» **Requirement**
Among the entries below, find the line with "鱼露海鲜粥。广西新闻网记者 秦丽君 摄", then quote it and each following line up to and including the line with "Recycled flooring commonly", and nothing else.

» **Extracted entries**
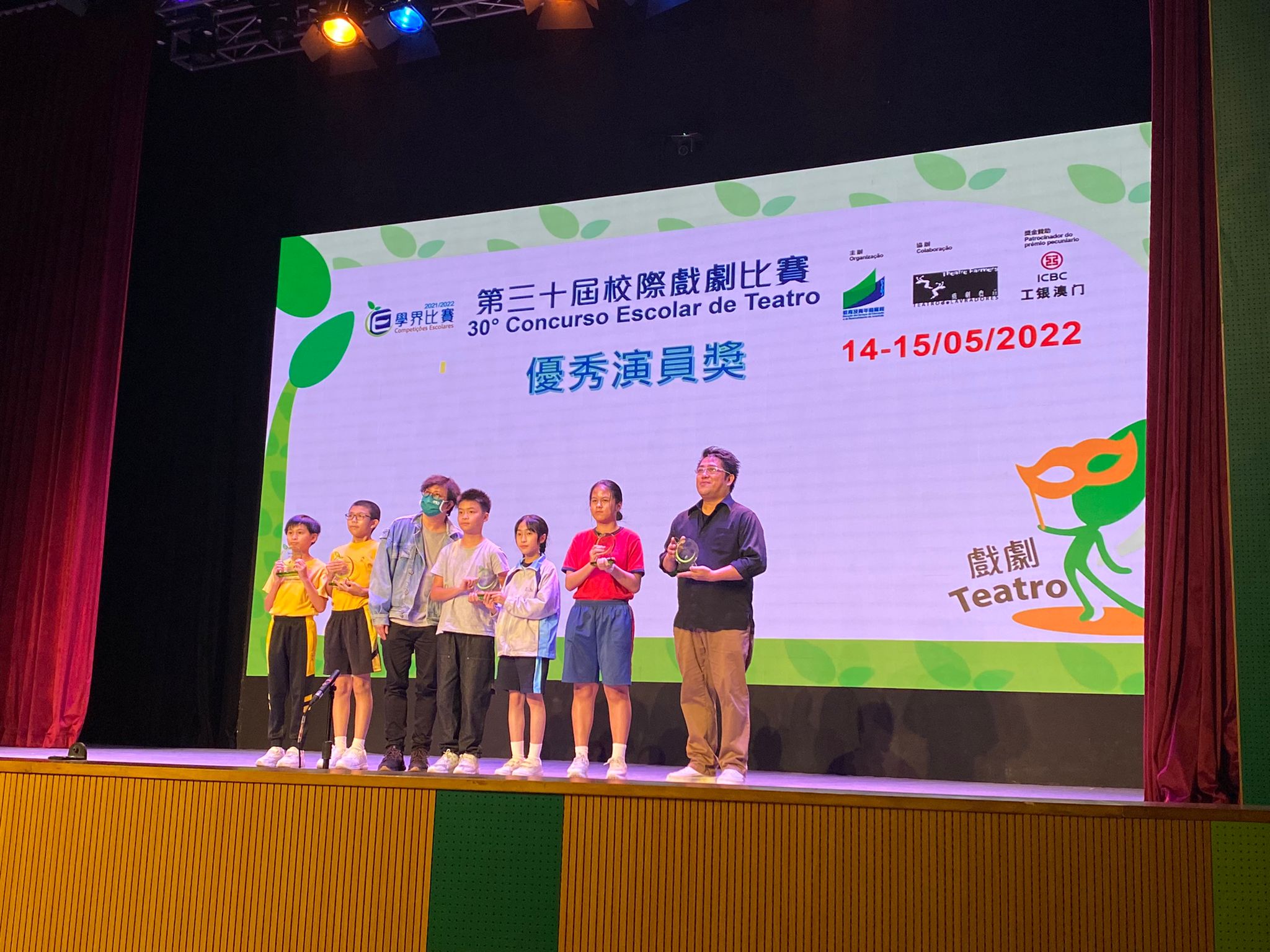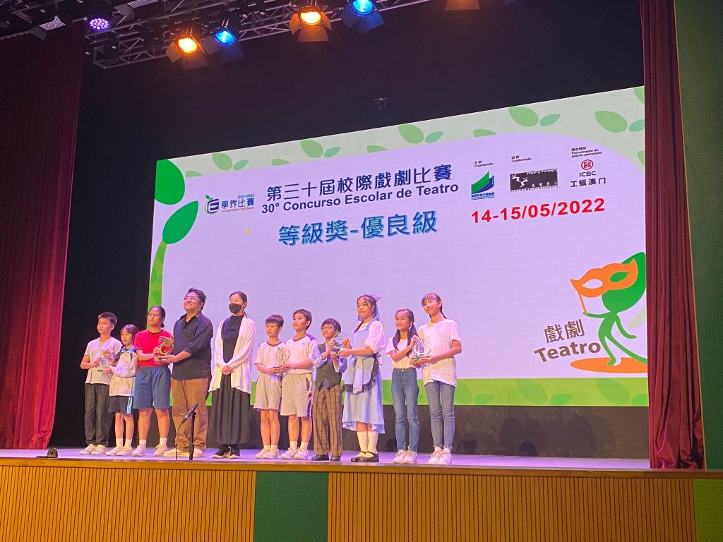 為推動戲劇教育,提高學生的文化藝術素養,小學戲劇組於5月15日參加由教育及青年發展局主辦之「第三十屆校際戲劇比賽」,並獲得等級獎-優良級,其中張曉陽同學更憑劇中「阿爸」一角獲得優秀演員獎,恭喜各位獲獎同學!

...

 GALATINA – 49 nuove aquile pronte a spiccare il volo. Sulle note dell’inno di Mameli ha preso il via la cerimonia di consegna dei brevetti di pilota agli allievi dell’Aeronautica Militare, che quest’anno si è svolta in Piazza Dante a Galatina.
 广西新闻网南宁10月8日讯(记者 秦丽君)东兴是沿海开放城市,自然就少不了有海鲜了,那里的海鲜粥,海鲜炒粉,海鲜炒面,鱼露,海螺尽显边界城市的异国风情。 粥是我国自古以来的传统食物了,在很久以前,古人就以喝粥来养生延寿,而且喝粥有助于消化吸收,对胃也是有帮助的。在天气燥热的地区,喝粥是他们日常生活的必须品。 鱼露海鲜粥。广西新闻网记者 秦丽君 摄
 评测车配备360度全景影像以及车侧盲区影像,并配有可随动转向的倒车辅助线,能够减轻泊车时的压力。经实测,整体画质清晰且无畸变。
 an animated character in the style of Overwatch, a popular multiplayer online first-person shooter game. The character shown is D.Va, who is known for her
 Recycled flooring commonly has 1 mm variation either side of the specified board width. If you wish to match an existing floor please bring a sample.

» **Exercise output**
 广西新闻网南宁10月8日讯(记者 秦丽君)东兴是沿海开放城市,自然就少不了有海鲜了,那里的海鲜粥,海鲜炒粉,海鲜炒面,鱼露,海螺尽显边界城市的异国风情。 粥是我国自古以来的传统食物了,在很久以前,古人就以喝粥来养生延寿,而且喝粥有助于消化吸收,对胃也是有帮助的。在天气燥热的地区,喝粥是他们日常生活的必须品。 鱼露海鲜粥。广西新闻网记者 秦丽君 摄
 评测车配备360度全景影像以及车侧盲区影像,并配有可随动转向的倒车辅助线,能够减轻泊车时的压力。经实测,整体画质清晰且无畸变。
 an animated character in the style of Overwatch, a popular multiplayer online first-person shooter game. The character shown is D.Va, who is known for her
 Recycled flooring commonly has 1 mm variation either side of the specified board width. If you wish to match an existing floor please bring a sample.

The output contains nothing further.